Илльо, наконец, сумел преодолеть оцепенение и кинулся на Берена, который, нажав коленом орку на промежность, целился вырвать ему глаза. Особенный захват под мышки и за шею, руки в замок на затылке противника – Илльо оттащил дортонионца в сторону. Ни на что больше его не хватило – Берен был очень силен. Он бы вырвался, но Болдог, радуясь неожиданной подмоге, пнул своего врага ногой в пах. Следующий удар достался Эрвегу, вставшему между орком и его соперником. Неизвестно как бы обернулось дальше, но тут с нижнего поверха на вопль Даэйрэт – а она не прекращала вопить с начала драки – примчалась Тхуринэйтель.
Неуловимо быстрая, она пронеслась через всю комнату и всей силой своего веса и своей скорости толкнула Болдога на стену. Ударившись, орк слегка потерял подвижность, а Тхуринэйтель воспользовалась этим, чтобы вывернуть и заломить ему руки. Это казалось невероятным, но было очевидным: пусть и довольно высокая, и довольно крепкая, но все же женщина в одиночку удерживала огромного орка, Балорха Болдога.

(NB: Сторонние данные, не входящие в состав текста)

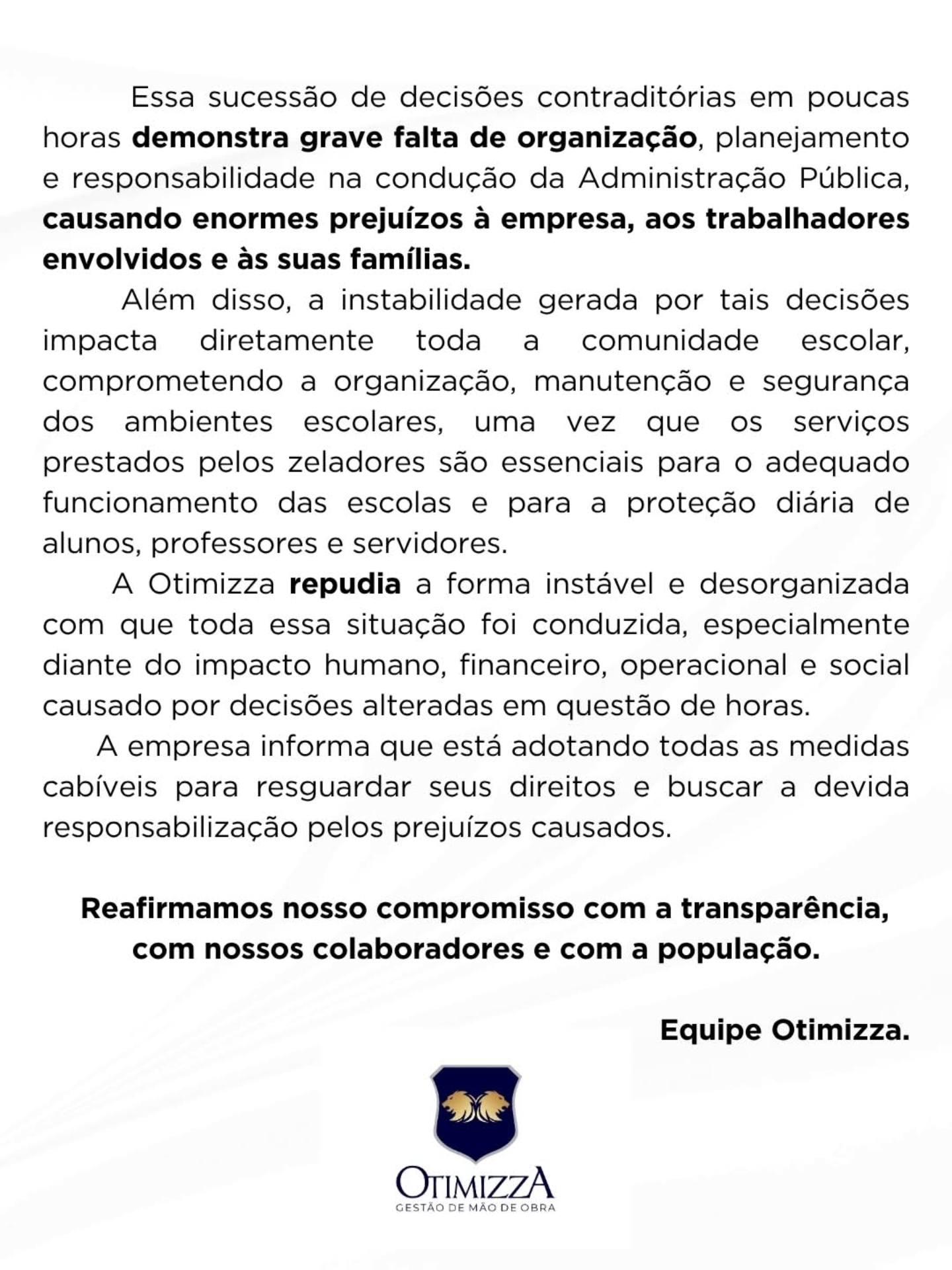 A empresa Otimizza Soluções em Segurança divulgou, na data de 11 de abril, uma nota de esclarecimento a respeito da prestação do serviço de zeladoria nas escolas do município de Guaporé.

– Остыл? – спросила она, когда тот перестал вырываться.
– Да, леди, – процедил орк сквозь зубы.
– Вот и хорошо, – Тхуринэйтель разжала руки. – Оботри с лица кровь и покинь нас. Твой отряд нуждается в присмотре.
– Слушаюсь, – Болдог сплюнул в камин.
Проходя мимо Берена, уже перетащенного в кресло, он задержался, чтобы сказать:
– В другой раз держи язык за зубами, князек.
– Я еще станцую на твоей могиле, – прошипел Берен, изо всех сил стараясь не уткнуться головой в колени. Тхуринэйтель, приобняв его, гладила по плечам.
– Сейчас из тебя плохой танцор, – оскалился орк.
– Кто начал драку? – спросила эльфийка, когда спина Болдога исчезла внизу.
– Болдог, – ответил Эрвег. Орк не попал ему каблуком туда, куда попал Берену, но по бедру ударил очень больно.
– Нет! – вдруг вмешалась Даэйрэт. – Болдог ударил его первым, это правда! Но он… Он заслужил удара! Он… такие мерзости говорил про Учителя!
– Какие, дитя мое? – спросила Тхуринэйтель.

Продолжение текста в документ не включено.